These capabilities work seamlessly across Hive and HDFS – replication can be setup on files or directories in the case of HDFS and on tables in the case of Hive – without any manual translation of Hive datasets into HDFS datasets or vice-versa. Hive Metastore information is also replicated which means that the applications that depend upon the table definitions stored in Hive will work correctly on the replica side as well as the source side as table definitions are updated.
Built on top of a hardened version of “distcp” – the replication uses the scalability and availability of MapReduce itself to parallelize the copying of files using a specialized MapReduce job that diffs and transfers only changed files from each Mapper to the replica side efficiently and quickly.

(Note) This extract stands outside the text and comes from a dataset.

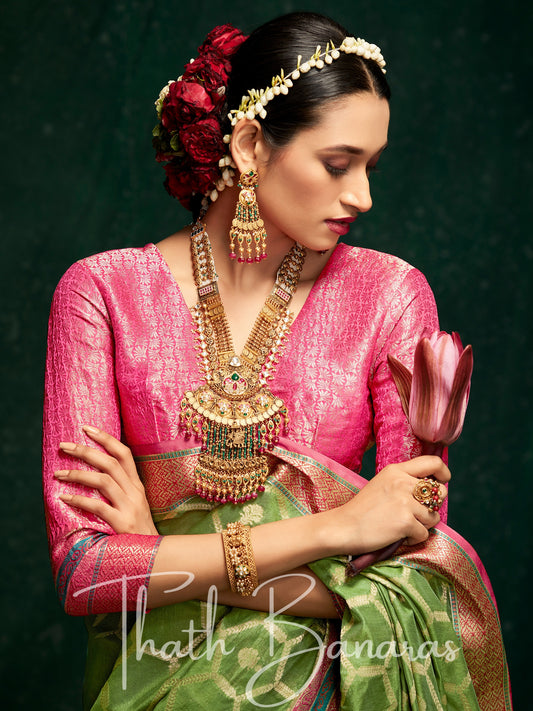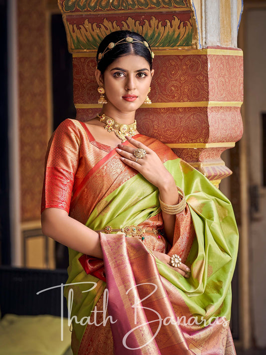 Pear Green Gota Work Pure Kanchipuram Handloom Tissue Silk Saree

Also available in the new version is the ability to do a “Dry Run” to verify configuration and understand the cost of the overall operation before actually copying the entire dataset.
Since the functionality is implemented as an add-on to Cloudera Manager, all Cloudera BDR functionality is available directly through the Cloudera Manager Admin Console.
Minimum Supported Version: CDH 4.0
License: BDR requires a separate license for each node on the destination side of your replication cluster.
You must ensure that the following ports are open to allow communication between the source and destination Cloudera Manager servers and the HDFS, MapReduce, and Hive hosts to enable replication jobs to work:
- Cloudera Manager Admin Console port: Default is 7180.
- HDFS NameNode port: Default is 8020.
- HDFS DataNode port: Default is 50010.
See Configuring Ports for Cloudera Manager for more information, including how to verify the current values for these ports.